SELECT r.name, date(r.join_date) as join_date, 
(COUNT(DISTINCT a.id) + COUNT(DISTINCT n.id)) as num_likes, 
(SELECT COALESCE(SUM(views), 0) FROM restaurant_views WHERE restaurant_id=192) as sum_views 
FROM restaurants r 
LEFT JOIN apple_likes a ON r.id = a.restaurant_id 
LEFT JOIN android_likes n ON r.id = n.restaurant_id 
WHERE r.id=192 
GROUP BY r.id DESC 

方式

如果有人知道如何解決這個問題，而不使用子查詢，我會有興趣聽到它！

Answer 1

你的join s乘以行數。

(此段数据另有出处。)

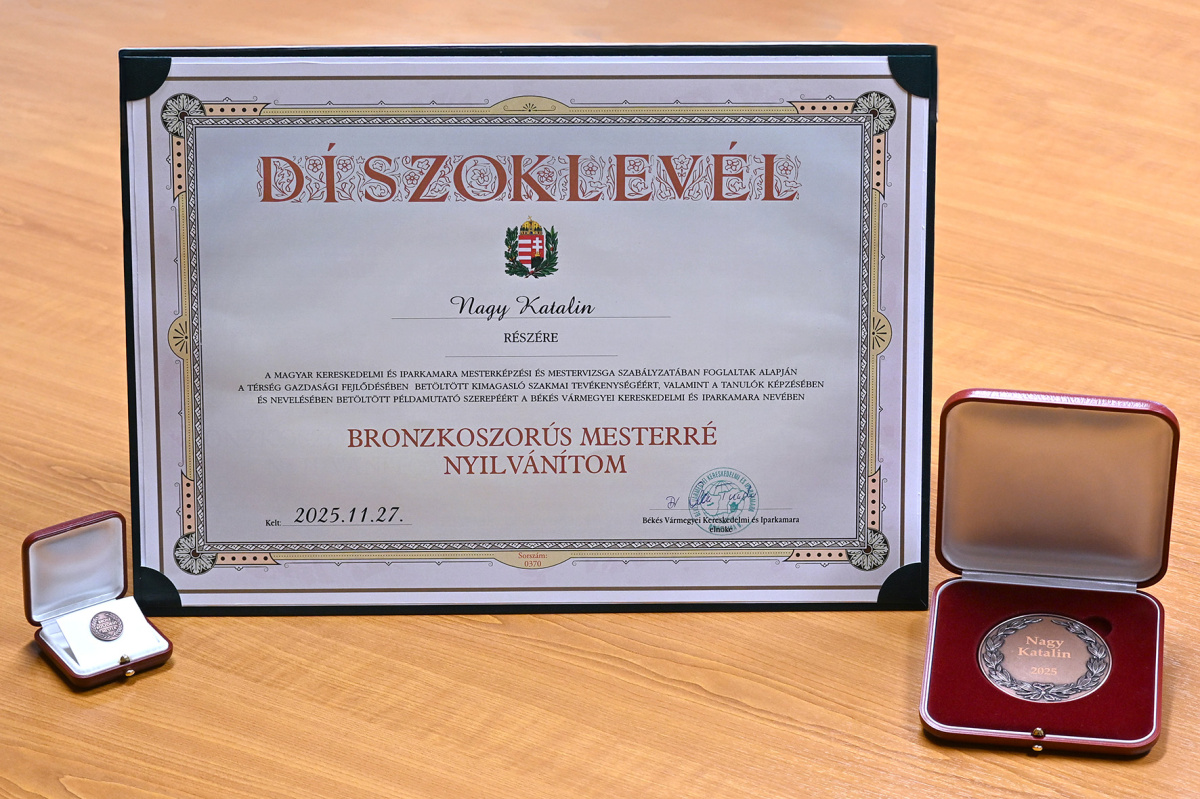 Nagy Katalint a Magyar Kereskedelmi és Iparkamara mesterképzési és mestervizsga szabályzatában foglaltak alapján a térség gazdasági fejlődésében betöltött kimagasló szakmai tevékenységéért, valamint a tanulók képzésében és nevelésében betöltött példamutató szerepéért a Békés Vármegyei Kereskedelmi és Iparkamara bronzkoszorús mesterré nyilvánította.
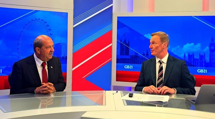 Σύμφωνα με την ιστοσελίδα του «Μπαϊράκ», ο Τ/κ ηγέτης ήταν φιλοξενούμενος σε ζωντανή εκπομπή του GB News με παρουσιαστή τον Martin Daubney, όπου ανέφερε πως βρίσκεται στο Λονδίνο για να συμμετάσχει σε διάφορες εκδηλώσεις που διοργανώνονται με την ευκαιρία της 50ης επετείου της «ειρηνευτικής επιχείρησης στην Κύπρο», όπως χαρακτήρισε την εισβολή, από την Τουρκία μετά το πραξικόπημα «της ελληνικής χούντας κατά του Συντάγματος της Κύπρου» .
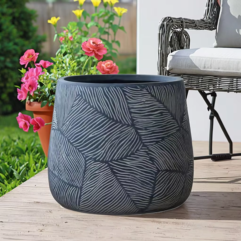 2025 Popular High Quality Large Black Fiber Clay Cylinder Bensai Pots Home and Garden Cute Flower Pot
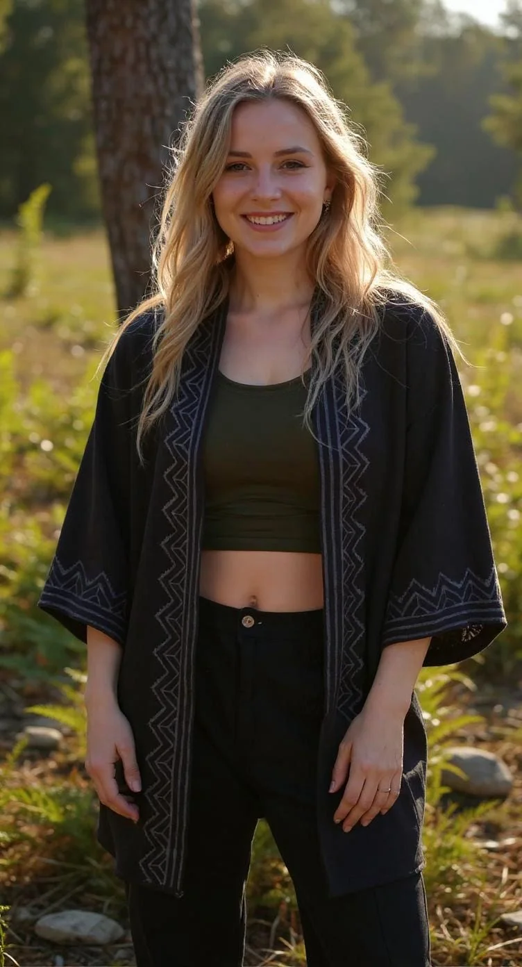 Die sanften, erdigen Farben und der luftige Schnitt machen die Kimono Jacke zum idealen Accessoire für verschiedene Anlässe. Ob du einen entspannten Tag im Park verbringst, durch die Stadt schlenderst oder dich mit Freunden im Café triffst – diese Jacke lässt sich mühelos in deinen persönlichen Stil integrieren. Kombiniere sie im lässigen Hippielook mit einer weit geschnittenen Hose oder genieße den luftigen Boho-Look mit einem fließenden Kleid.
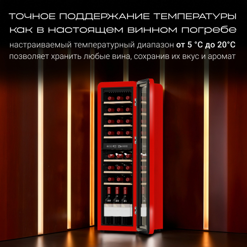 • Диапазон поддерживаемой температуры – от 5°C  до 20 °C, что позволяет хранить любые сорта вина.
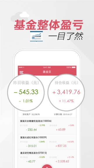 基金豆客户端app是一款新型的基金管理工具软件,提供了低门槛的资产配置服务,避免了用户短视和胡乱购买理财产品的行为,专业的基金分析师还会为你带来最优的理财产品,基金豆客户端的超级基金项目让你能够更简单更科学的获得基金收益,稳拿计划是超级基金中的一个策略,能够让你股债三七配置,享受持续增长的平稳收益,让你不用担心忽高忽低的收益乃至赔钱,让你的心脏不会剧烈运动;百灵计划则是其中的一个模型,通过准确的信号,变仓的迅速让你远离高风险,随时随地都不会赔钱。一键下单自动调仓,让你的基金购买从未如此简单,未来十年的投资理财必备工具现在就在你的眼前,还不赶紧下载使用。
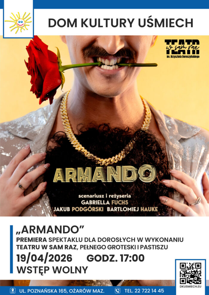 Czeka nas nie lada gratka – premiera spektaklu, który zaciera granice między farsą, groteską i pastiszem, a przy tym – porusza serca! Rezerwujcie datę i dołączajcie do nas na premierę “Armando” w wykonaniu Teatru W Sam Raz.
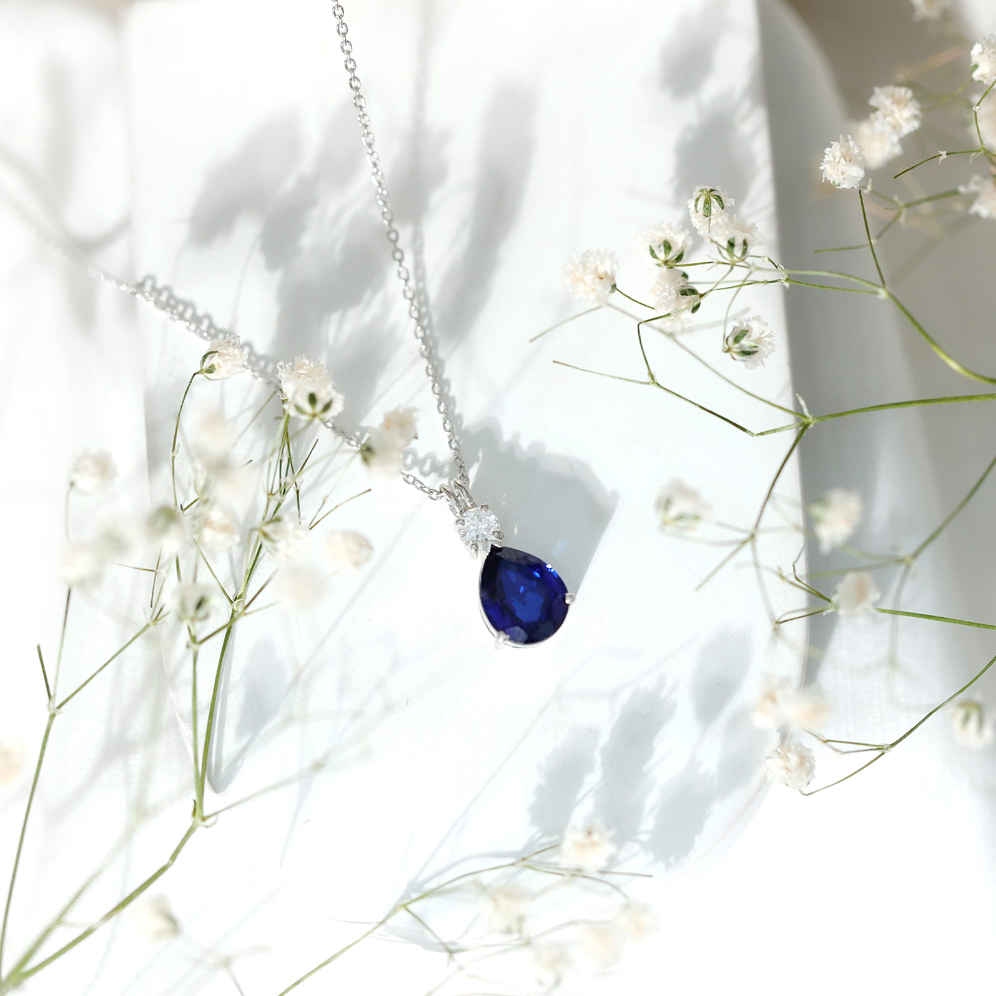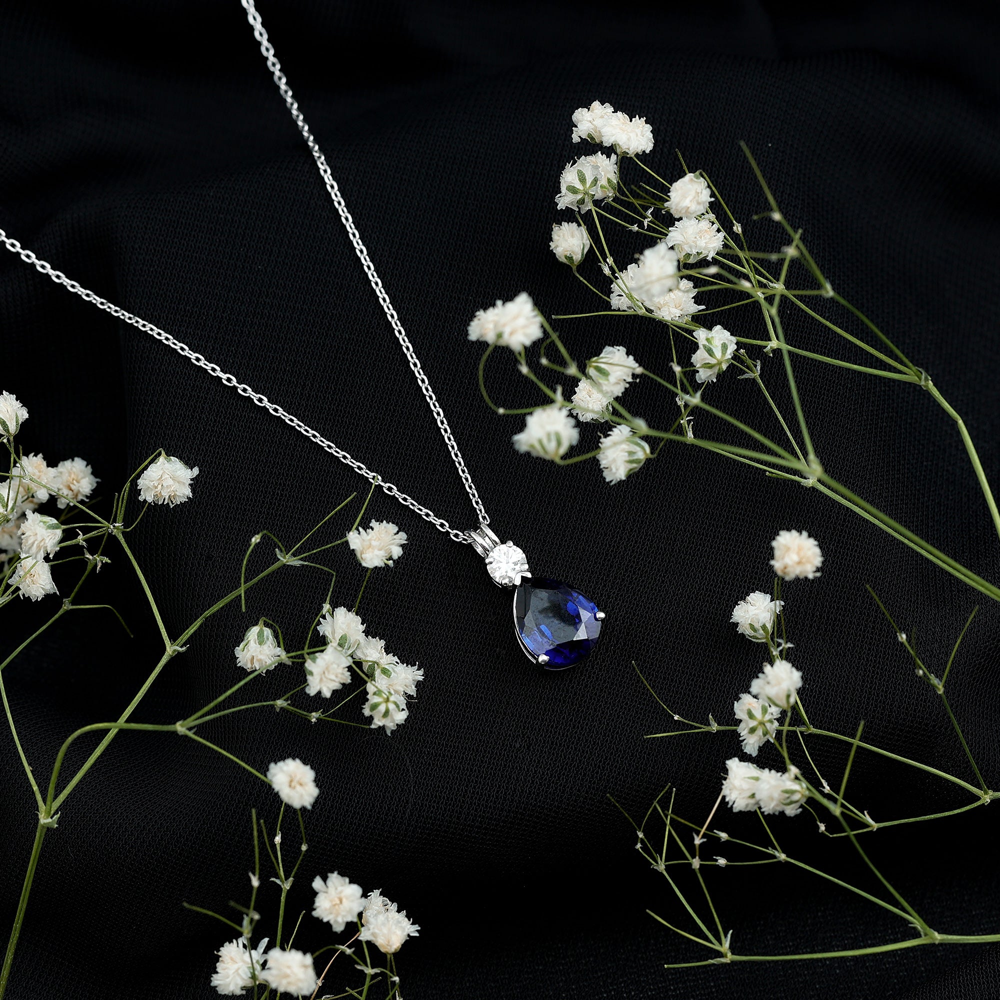 - The Created Sapphire Pendant has been gracefully crafted in Solid Metal. Flaunt the Teardrop Necklace with your beautiful outfits effortlessly to create unique looks.
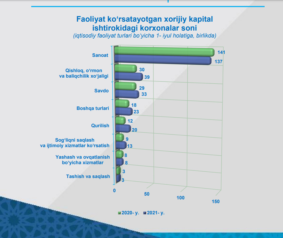 Ro‘yxatdan o‘tgan xorijiy kapital ishtirokidagi korxona va tashkilotlar soni 2021- yil 1- iyul holatiga ko‘ra 285 tani tashkil etib, ulardan 276 tasi yoki 96,8 % faoliyat ko‘rsatmoqda. Bu ko‘rsatkich o‘tgan yilning shu davriga nisbatan olganda 27 taga yoki 1,1 martaga oshganligini ko‘rish mumkin.

一種解決方案是預彙總數據的連接之前：

SELECT r.name, date(r.join_date) as join_date, 
     (coalesce(a.cnt, 0) + coalesce(n.cnt, 0)) as num_likes, 
     COALESCE(SUM(rv.views), 0) as sum_views 
FROM restaurants r LEFT JOIN 
    (select a.restaurant_id, count(*) as cnt 
     from apple_likes a 
     group by a.restaurant_id 
    ) a 
    ON r.id = a.restaurant_id LEFT JOIN 
    (select n.restuarant_id, count(*) as cnt 
     from android_likes n 
     group by n.restaurant_id 
    ) n 
    ON r.id = n.restaurant_id LEFT JOIN 
    (select rv.restaurant_id, count(*) as cnt 
     from restaurant_views rv 
     group by rv.restaurant_id 
    ) rv 
    on r.id = rv.restaurant_id 
WHERE r.id = 192 
GROUP BY r.id DESC 

Answer 2

所以嘗試：

SELECT r.name, date(r.join_date) as join_date, 
(COUNT(DISTINCT a.id) + COUNT(DISTINCT n.id)) as num_likes, 
COALESCE(SUM(rv.views), 0) as sum_views 
FROM restaurants r 
LEFT JOIN apple_likes a ON r.id = a.restaurant_id 
LEFT JOIN android_likes n ON r.id = n.restaurant_id 
INNER JOIN restaurant_views rv on r.id = rv.restaurant_id 
WHERE r.id=192 
GROUP BY r.id DESC; 

Answer 3

使用此：

SELECT r.name, date(r.join_date) as join_date, 
    (COUNT(DISTINCT a.id) + COUNT(DISTINCT n.id)) as num_likes, 
    COALESCE(SUM(rv.views), 0) as sum_views 
    FROM restaurants r 
    JOIN apple_likes a ON r.id = a.restaurant_id 
    JOIN android_likes n ON r.id = n.restaurant_id 
    JOIN restaurant_views rv on r.id = rv.restaurant_id 
    WHERE r.id=192 
    GROUP BY r.id DESC; 

請注意，我只是刪除關鍵字left因此使這是一個natural join，所以它不會包括所有的null joins。